[EXERCISE GOAL] Restate word for word the section of the entries that opens at the line containing "Komplet 6 strun" and closes at the line containing "Sólo en lo relativo", both lines kept, pictures dropped.

[THE DATA]
------------------------

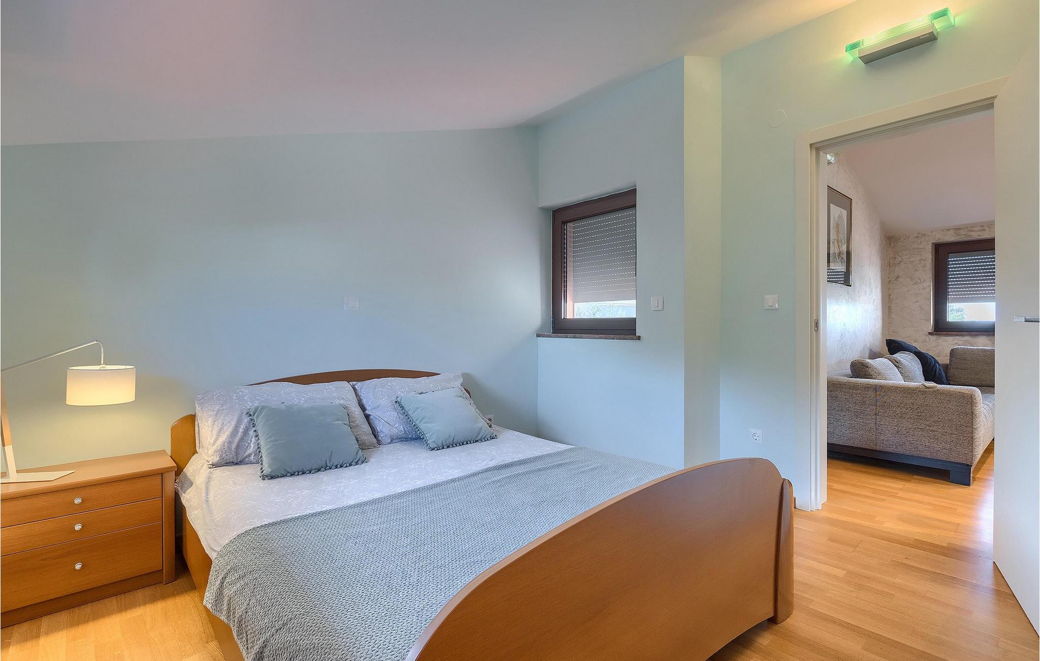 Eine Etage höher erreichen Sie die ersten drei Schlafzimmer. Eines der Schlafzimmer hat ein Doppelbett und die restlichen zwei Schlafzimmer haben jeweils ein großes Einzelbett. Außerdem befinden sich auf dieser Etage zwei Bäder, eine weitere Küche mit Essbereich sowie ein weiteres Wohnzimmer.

------------------------

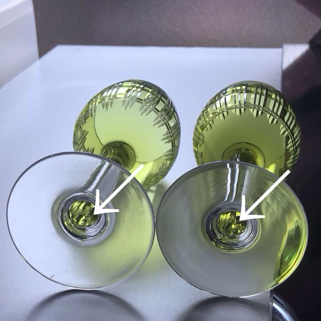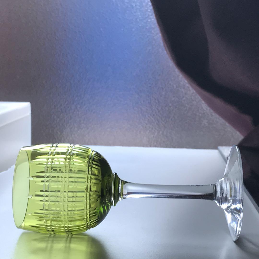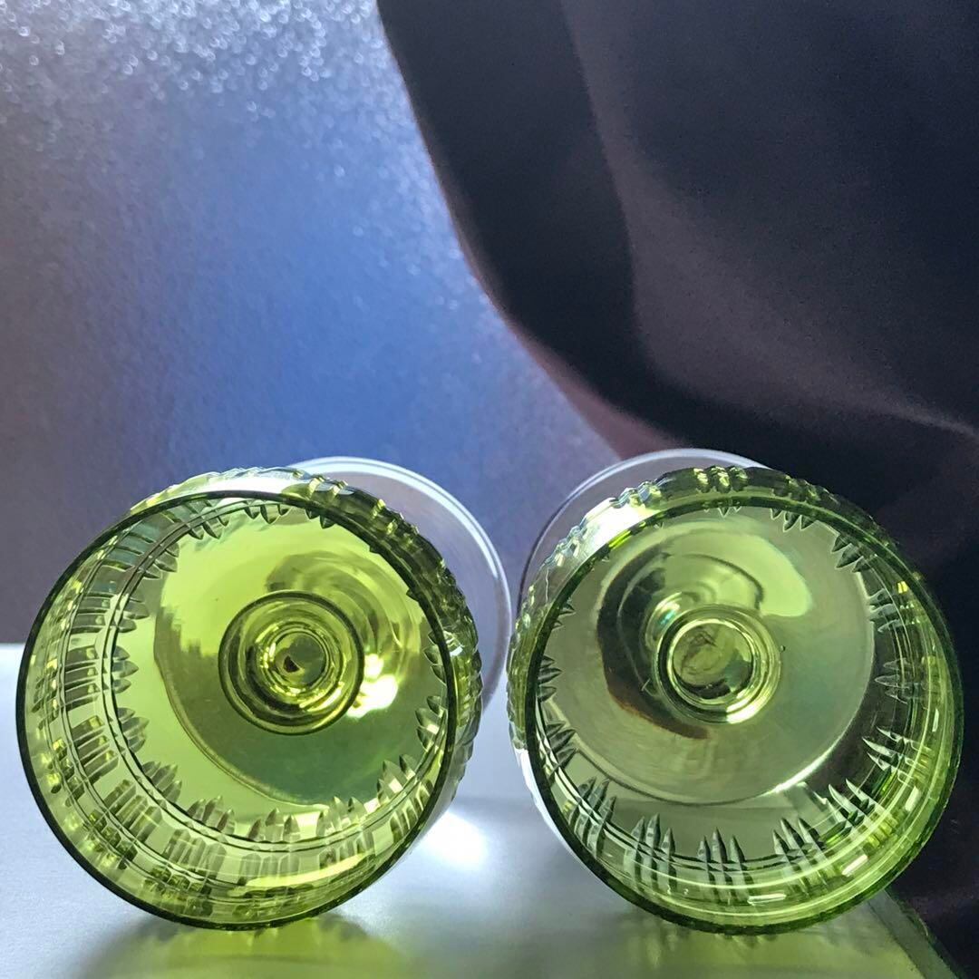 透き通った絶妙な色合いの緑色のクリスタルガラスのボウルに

------------------------

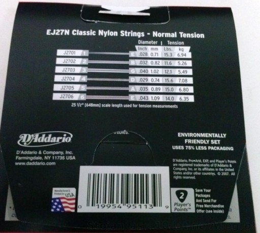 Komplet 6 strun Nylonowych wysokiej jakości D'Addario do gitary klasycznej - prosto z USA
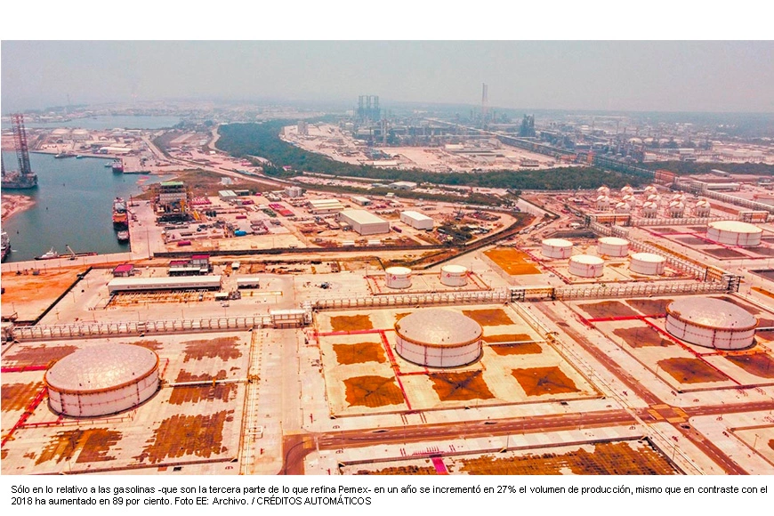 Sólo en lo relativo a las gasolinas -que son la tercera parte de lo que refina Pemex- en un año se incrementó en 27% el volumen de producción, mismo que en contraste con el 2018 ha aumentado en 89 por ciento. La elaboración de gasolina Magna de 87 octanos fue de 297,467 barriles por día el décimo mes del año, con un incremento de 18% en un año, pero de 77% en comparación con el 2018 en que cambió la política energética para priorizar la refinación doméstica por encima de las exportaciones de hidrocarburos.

------------------------

[WRITTEN RESPONSE]
 Komplet 6 strun Nylonowych wysokiej jakości D'Addario do gitary klasycznej - prosto z USA
 Sólo en lo relativo a las gasolinas -que son la tercera parte de lo que refina Pemex- en un año se incrementó en 27% el volumen de producción, mismo que en contraste con el 2018 ha aumentado en 89 por ciento. La elaboración de gasolina Magna de 87 octanos fue de 297,467 barriles por día el décimo mes del año, con un incremento de 18% en un año, pero de 77% en comparación con el 2018 en que cambió la política energética para priorizar la refinación doméstica por encima de las exportaciones de hidrocarburos.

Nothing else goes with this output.